Material for the task:
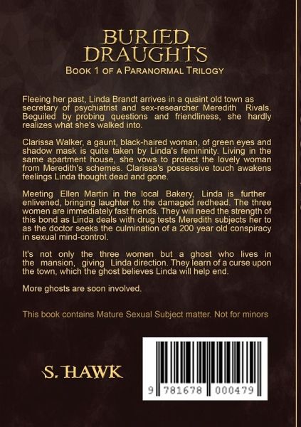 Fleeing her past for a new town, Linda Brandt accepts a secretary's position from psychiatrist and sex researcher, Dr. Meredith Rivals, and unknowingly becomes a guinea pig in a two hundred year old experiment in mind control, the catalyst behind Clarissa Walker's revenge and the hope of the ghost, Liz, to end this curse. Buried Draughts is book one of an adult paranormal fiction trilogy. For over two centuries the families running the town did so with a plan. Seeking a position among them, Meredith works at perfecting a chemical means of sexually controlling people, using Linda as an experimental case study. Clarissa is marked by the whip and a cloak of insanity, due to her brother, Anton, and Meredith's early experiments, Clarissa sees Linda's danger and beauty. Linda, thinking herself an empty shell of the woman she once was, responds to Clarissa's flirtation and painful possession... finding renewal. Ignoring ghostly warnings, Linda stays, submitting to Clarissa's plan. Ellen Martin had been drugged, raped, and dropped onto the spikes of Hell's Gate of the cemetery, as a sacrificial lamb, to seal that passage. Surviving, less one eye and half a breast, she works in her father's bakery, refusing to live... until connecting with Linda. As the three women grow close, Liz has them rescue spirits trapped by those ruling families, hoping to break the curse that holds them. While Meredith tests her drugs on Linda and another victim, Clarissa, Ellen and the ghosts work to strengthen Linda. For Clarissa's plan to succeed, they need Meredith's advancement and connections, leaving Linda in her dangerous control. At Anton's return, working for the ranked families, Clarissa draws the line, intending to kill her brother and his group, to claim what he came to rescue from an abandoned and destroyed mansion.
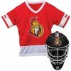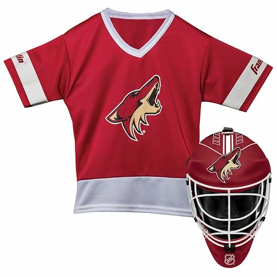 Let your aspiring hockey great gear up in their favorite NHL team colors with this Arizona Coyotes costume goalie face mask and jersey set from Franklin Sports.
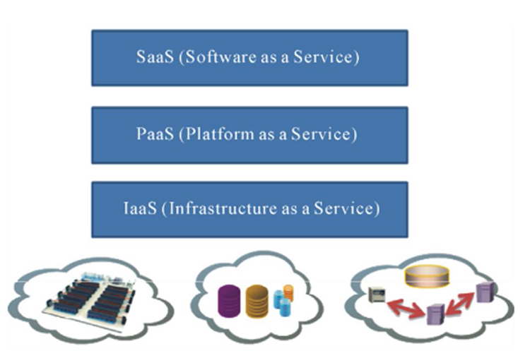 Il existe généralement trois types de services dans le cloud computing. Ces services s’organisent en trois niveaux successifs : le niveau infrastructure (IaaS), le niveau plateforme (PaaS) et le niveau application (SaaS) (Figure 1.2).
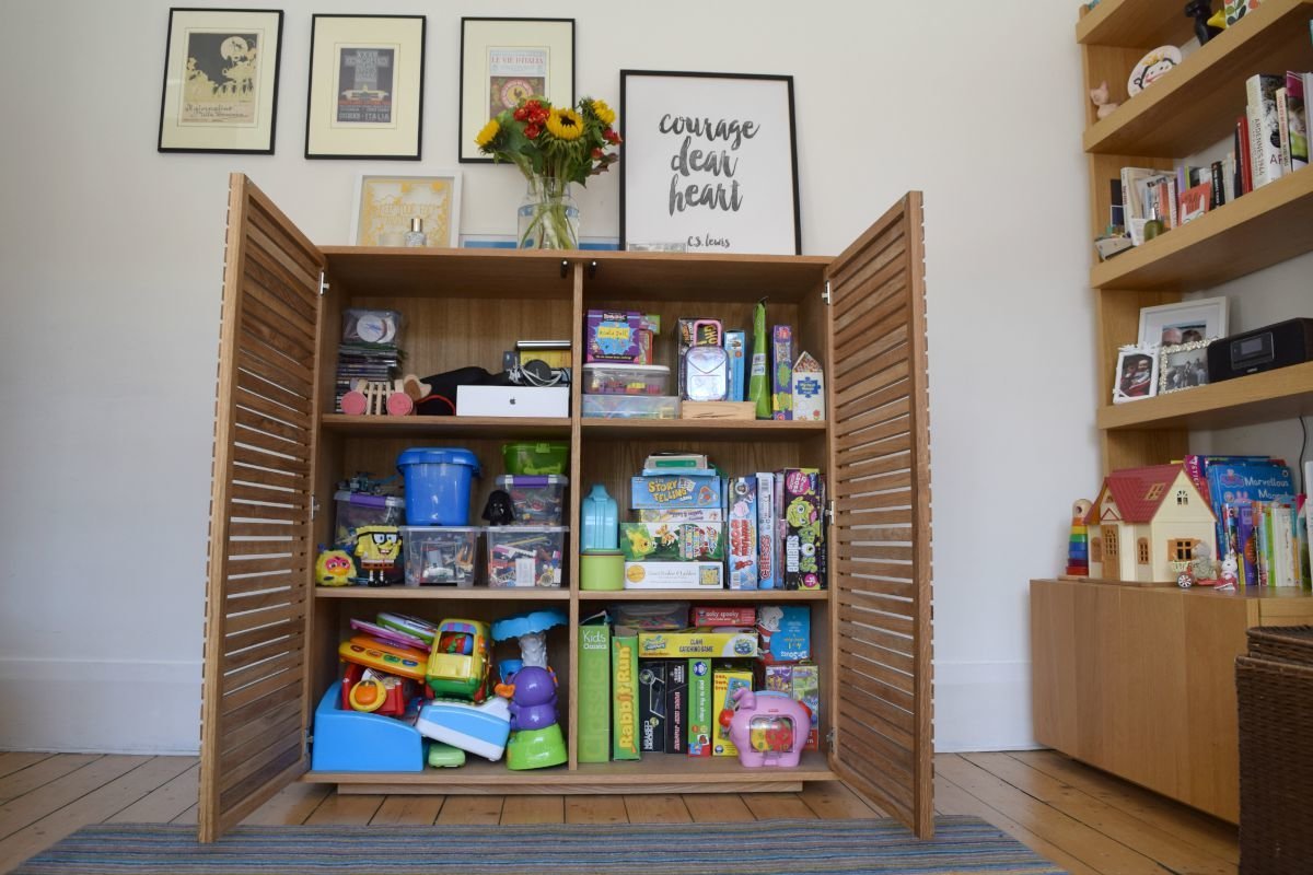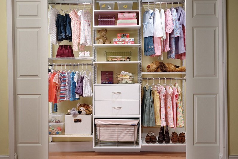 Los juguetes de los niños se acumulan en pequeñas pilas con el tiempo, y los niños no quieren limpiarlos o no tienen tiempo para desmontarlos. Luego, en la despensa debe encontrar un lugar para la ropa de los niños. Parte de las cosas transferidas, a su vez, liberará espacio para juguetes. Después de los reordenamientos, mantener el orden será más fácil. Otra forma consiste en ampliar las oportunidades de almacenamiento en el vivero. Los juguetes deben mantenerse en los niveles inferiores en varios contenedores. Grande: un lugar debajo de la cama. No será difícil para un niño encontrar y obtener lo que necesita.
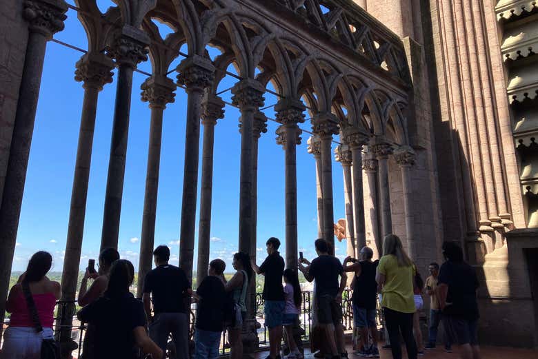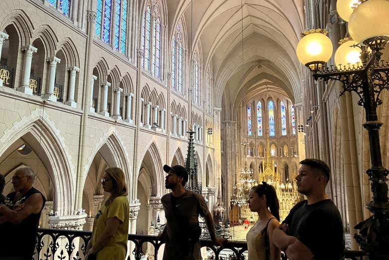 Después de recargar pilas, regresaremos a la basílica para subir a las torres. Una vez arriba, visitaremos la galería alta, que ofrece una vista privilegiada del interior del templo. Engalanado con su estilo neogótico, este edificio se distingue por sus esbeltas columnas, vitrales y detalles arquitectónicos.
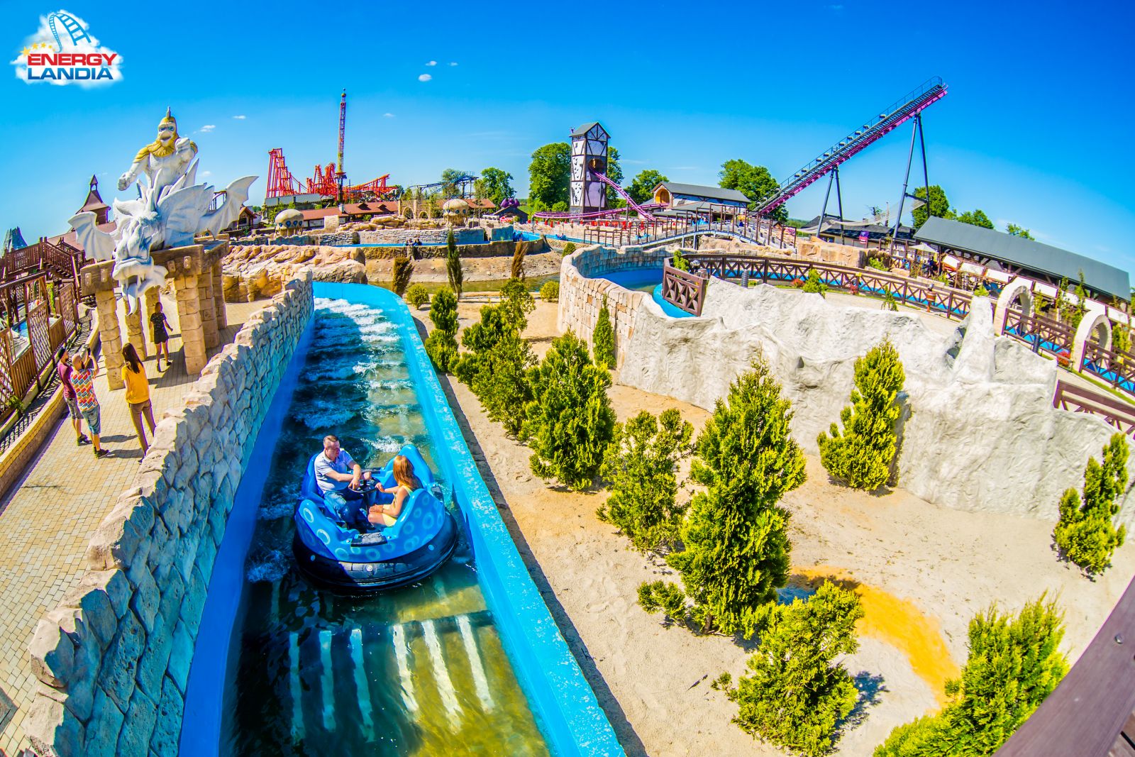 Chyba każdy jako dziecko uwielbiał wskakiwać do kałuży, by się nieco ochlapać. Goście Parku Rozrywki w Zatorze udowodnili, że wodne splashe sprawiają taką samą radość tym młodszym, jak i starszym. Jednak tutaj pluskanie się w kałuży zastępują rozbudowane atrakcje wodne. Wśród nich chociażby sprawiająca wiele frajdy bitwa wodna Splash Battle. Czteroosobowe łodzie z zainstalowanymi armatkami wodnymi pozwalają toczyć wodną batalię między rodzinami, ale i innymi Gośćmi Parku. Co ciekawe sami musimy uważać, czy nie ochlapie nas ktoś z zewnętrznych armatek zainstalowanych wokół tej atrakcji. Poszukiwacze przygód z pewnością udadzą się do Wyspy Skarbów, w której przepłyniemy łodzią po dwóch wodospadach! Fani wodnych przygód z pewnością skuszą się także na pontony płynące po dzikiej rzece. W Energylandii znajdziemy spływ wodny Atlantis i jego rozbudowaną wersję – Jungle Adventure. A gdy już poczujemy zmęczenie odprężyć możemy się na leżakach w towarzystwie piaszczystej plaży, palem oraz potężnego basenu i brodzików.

...

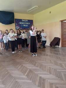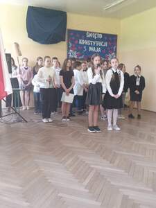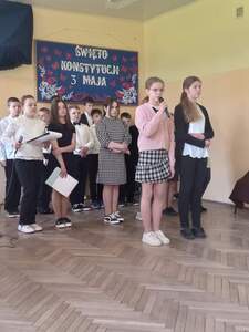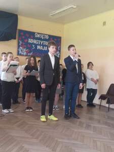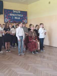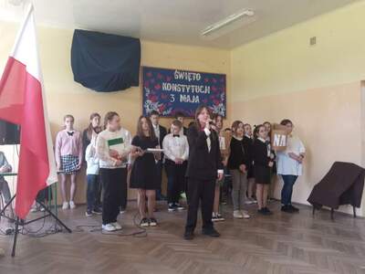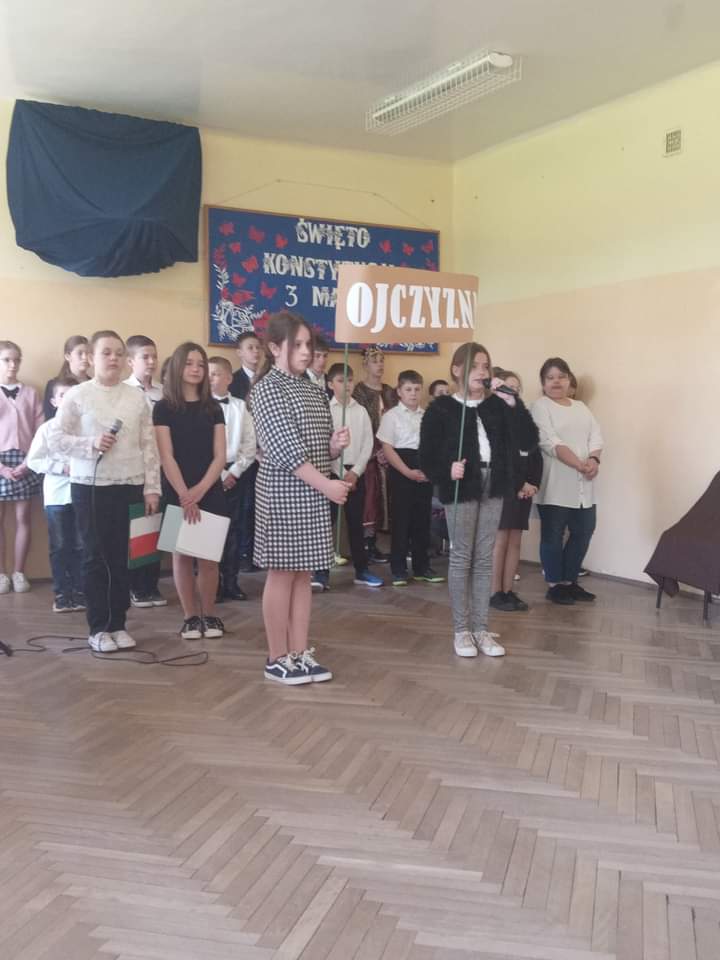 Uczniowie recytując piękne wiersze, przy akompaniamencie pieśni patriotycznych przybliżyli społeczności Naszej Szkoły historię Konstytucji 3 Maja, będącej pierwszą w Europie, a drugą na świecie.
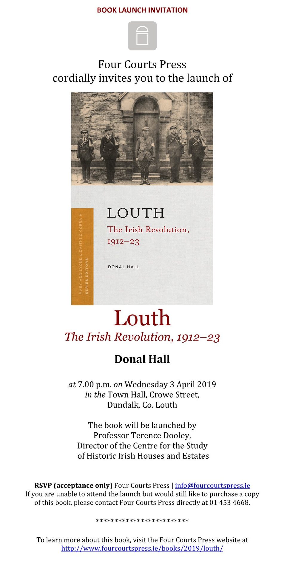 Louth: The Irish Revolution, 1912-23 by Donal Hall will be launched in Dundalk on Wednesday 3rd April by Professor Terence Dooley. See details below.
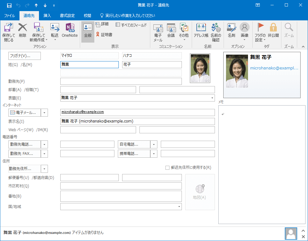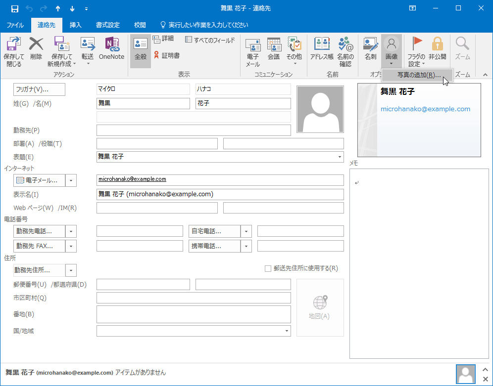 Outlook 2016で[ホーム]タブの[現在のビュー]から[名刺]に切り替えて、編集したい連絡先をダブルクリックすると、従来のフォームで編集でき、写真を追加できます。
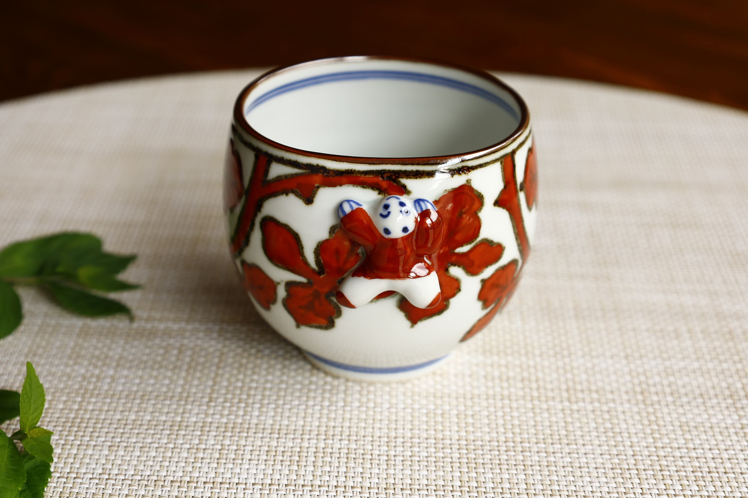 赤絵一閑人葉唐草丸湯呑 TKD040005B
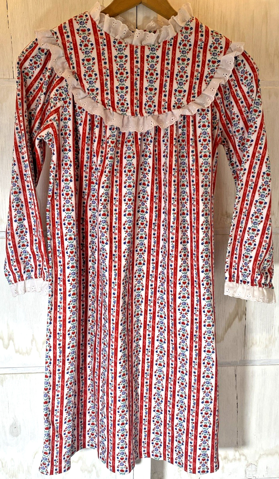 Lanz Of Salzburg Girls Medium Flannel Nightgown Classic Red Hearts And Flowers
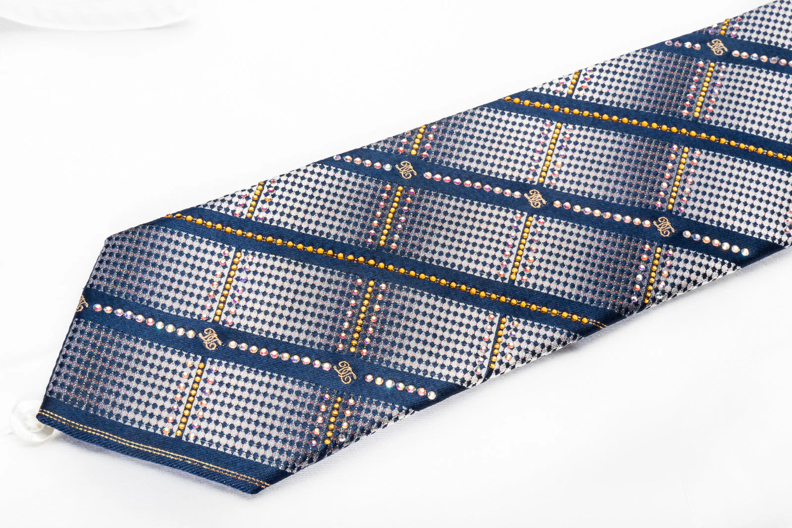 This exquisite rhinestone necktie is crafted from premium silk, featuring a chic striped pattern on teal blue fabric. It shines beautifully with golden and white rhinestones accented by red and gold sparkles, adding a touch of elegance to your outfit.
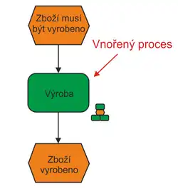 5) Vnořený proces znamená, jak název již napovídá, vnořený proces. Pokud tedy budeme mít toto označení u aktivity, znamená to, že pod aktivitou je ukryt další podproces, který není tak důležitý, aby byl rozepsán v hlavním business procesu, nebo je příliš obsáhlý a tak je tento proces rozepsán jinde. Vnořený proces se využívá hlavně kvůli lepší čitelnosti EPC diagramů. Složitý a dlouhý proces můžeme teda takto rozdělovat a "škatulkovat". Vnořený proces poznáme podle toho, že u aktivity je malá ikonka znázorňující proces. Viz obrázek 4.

Work instructions:
In the records above, find the line with "Outlook 2016で[ホーム]タブ" and the line with "This exquisite rhinestone"; please transcribe exactly those two lines and all lines between them, omitting any picture.

Expected output:
 Outlook 2016で[ホーム]タブの[現在のビュー]から[名刺]に切り替えて、編集したい連絡先をダブルクリックすると、従来のフォームで編集でき、写真を追加できます。
 赤絵一閑人葉唐草丸湯呑 TKD040005B
 Lanz Of Salzburg Girls Medium Flannel Nightgown Classic Red Hearts And Flowers
 This exquisite rhinestone necktie is crafted from premium silk, featuring a chic striped pattern on teal blue fabric. It shines beautifully with golden and white rhinestones accented by red and gold sparkles, adding a touch of elegance to your outfit.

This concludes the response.